- Born: Dumisani Vuyisile Andrew Mzamane February 18, 1932
- Died: October 4, 1997 (aged 65)
- Occupation: Medical Doctor

= Dumisani Mzamane =

Dumisani Vuyisile Andrew Mzamane; 18 February 1932 – 4 October 1997 was a former head of the Baragwanath Hospital renal unit and the first black nephrologist in South Africa and a human rights activist.

==Early life==
Dumisani was born on the 18th February 1932. In 1955 He graduated with a Bachelor of Science - Chemistry, Zoology from Rhodes University.

==Work==
Dumisani was the first black nephrologist in South Africa and stood among the individuals who bravely voiced their concerns about the disparities in renal care for black patients. Despite his unwavering dedication to protest, he died before witnessing any meaningful advancements in renal facilities.

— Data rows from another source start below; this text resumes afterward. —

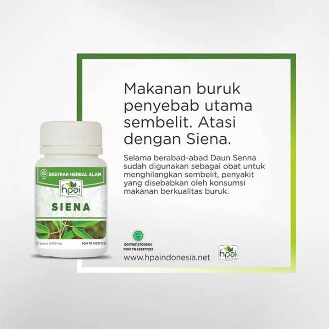 Siena (Jati Cina) merupakan herba suplemen dari Daun Senna (casia angustifolia folium), yang dibuat secara khusus sehingga memberikan efek cepat bereaksi terhadap tubuh.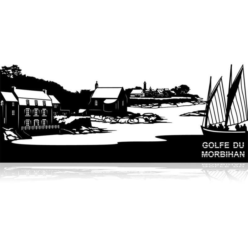 Un mur tristement vide, vous cherchez une idée pour le mettre en valeur... Cette décoration murale en métal découpé reprenant les lignes du Golfe du Morbihan dévoile de jolis jeux d'ombres tout en partageant quelque chose qui vous tient à coeur. Elle regroupe les monuments et éléments patrimoniaux caractéristiques de cette "petite mer" intérieure si charmante de la Bretagne.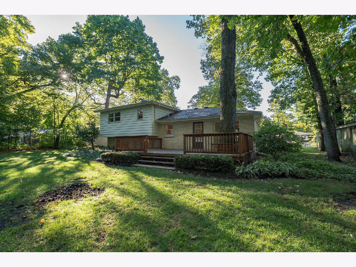 Large split-level home on a gorgeous 1/2-acre lot surrounded by mature trees in the sought after Forest Estates subdivision. Freshly painted throughout. Beautiful hardwood floors. Bright living room with big picture window overlooking the yard. Formal dining room. Eat-in kitchen with new vinyl plank floors, ceramic backsplash & pantry. Lower level features family room with stone wood burning fireplace, 4th bedroom, laundry room, 1/2 bath, storage, & crawl space. Updated full bathroom. Master bedroom with double closets, private bathroom with double sinks & walk-in shower. Backyard with large deck overlooking the beautiful yard. Deep 2 car garage. Amazing location! Minutes to Woodfield mall & restaurants. Excellent schools including award winning Fremd high school. Just move right in!

The Dumisani Mzamane African Institute of Kidney Disease in Chris Hani Baragwanath Hospital is a tribute to him.

==Medical ethics==
In the late 1970s various activist health worker organisations were formed opposing apartheid policies. These included the Transvaal Medical Society which later became the Health Workers’ Association with Wits doctors Dr Dumisani Mzamane as its first President and Dr Yosuf Veriava its vice-president.

Mzamane was also a human rights activist, and was one of six doctors, who questioned the ethics of the medical establishment and the previous South African government after the death, in custody, of Steve Biko, the Black Consciousness leader, in September 1977. In 1985 two groups of doctors challenged in court the decision of the South African Medical and Dental Council not to launch a formal investigation into the conduct of the doctors who were negligent in their duties prior to the death in detention of Mr Steve Biko. They were Frances Ames from the University of Cape Town, Phillip Tobias and Trefor Jenkins; Yosuf Veriava, Tim Wilson and Dumisani Mzamane comprised the other group.

The latter were all joint Wits/TPA appointments.